# [Provided data]
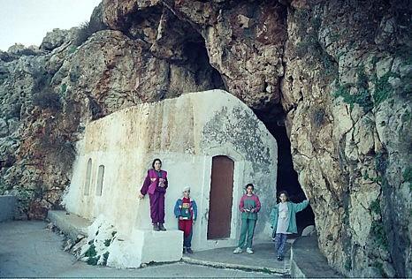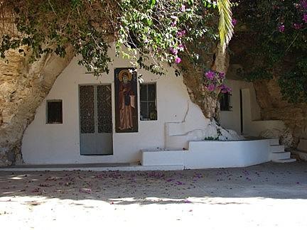 10. Κοντά στην εκκλησία της Ζωοδόχου Πηγής διανοίγονται δύο έγκοιλα, γνωστά στη βιβλιογραφία ως Σπήλαιο Παναγία 1 και Σπήλαιο Παναγία 2. Η οροφή του πρώτου έχει καταπέσει και το ενδιαφέρον του εντοπίζεται στο πλήθος απολιθωμένων οστών νάνων ελεφάντων που περιέχουν τα ιζήματά του. Κοντά στην εκκλησία διανοίγεται και το δεύτερο από τα σπήλαια αυτά, με διαστάσεις 4,00 × 7,00 × 3,00 μέτρα και διακόσμηση μικρών σταλακτιτών και μιας μεγάλης σταλαγμιτικής κολώνας. Είναι πολύ πιθανόν να αποτελεί το κατάλοιπο βραχοκλησιάς αφιερωμένης στον Άγιο Ιωάννη Ερημίτη, από την οποία είχε ονοματοδοτηθεί ολόκληρο το ακρωτήριο στη Βενετοκρατία. Ενδιαφέρον παρουσιάζει η τεχνητή διαμόρφωση σε παλιότερες εποχές μιας παραπλήσιας βραχοσκεπής, έτσι ώστε να μπορεί να αποσύρεται εκεί και να διαχειμάζει λέμβος.
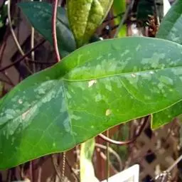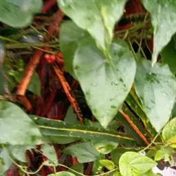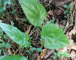 2、云南地不容:又名一滴血、红藤。多年生草质藤本,长2-3.5m。块根大。茎枝稍粗,枝、叶折断有紫红色汁液渗出。叶互生;叶柄与叶片近等长或较长;叶片三角状圆形或三角状扁圆形,长3.5-11.5cm,宽4-12.5cm,先端短尖或钝,基部近平截或微凹;掌状脉9-10条,网状脉稍明显,薄纸质。花小,单性,雌雄异株;雄株为复伞形聚伞序,总花序梗长3-6.5cm,纤细,伞梗8-10余个,长1-2cm,甚细;雄花:萼片6,具紫色斑纹,排成2轮,外轮倒披针形或倒卵形,长1.2-1.6mm,宽0.4-0.5mm,内轮有爪,上部瓣片近菱形,长2-2.2mm,宽达1.4mm;花瓣3,橙色具紫色条纹,阔楔形,长0.8-1.3mm,宽1.5-1.8mm,稍肉质,内面近中部有2个大腺体;雄蕊柱长0.8-1mm。雌株果序为复伞形,总果序梗长4-7cm,序梗稍纤细,伞梗多达10余个,长短不齐,长1-3cm。核果宽倒卵形,内果皮长5-6.5mm,背部有4行短柱状雕纹,先端膨大呈头状,每行15-17颗,胎座迹近正中穿孔。花期5-6月,果期6-9月。
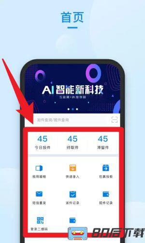 3、首页可查看今日投件、待取件与滞留件数量,并能快速进入租用邮箱、包裹投柜、短信群发等高效配送功能模块。
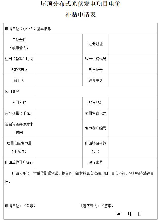 2.屋頂分布式光伏發(fā)電項目電價補貼申請表

# [Try it]
Word for word, retype the lines from the one with "3、首页可查看今日投件、待取" through the final line of the data, both included. No pictures belong in the copy.

# [Solution for this task]
 3、首页可查看今日投件、待取件与滞留件数量,并能快速进入租用邮箱、包裹投柜、短信群发等高效配送功能模块。
 2.屋頂分布式光伏發(fā)電項目電價補貼申請表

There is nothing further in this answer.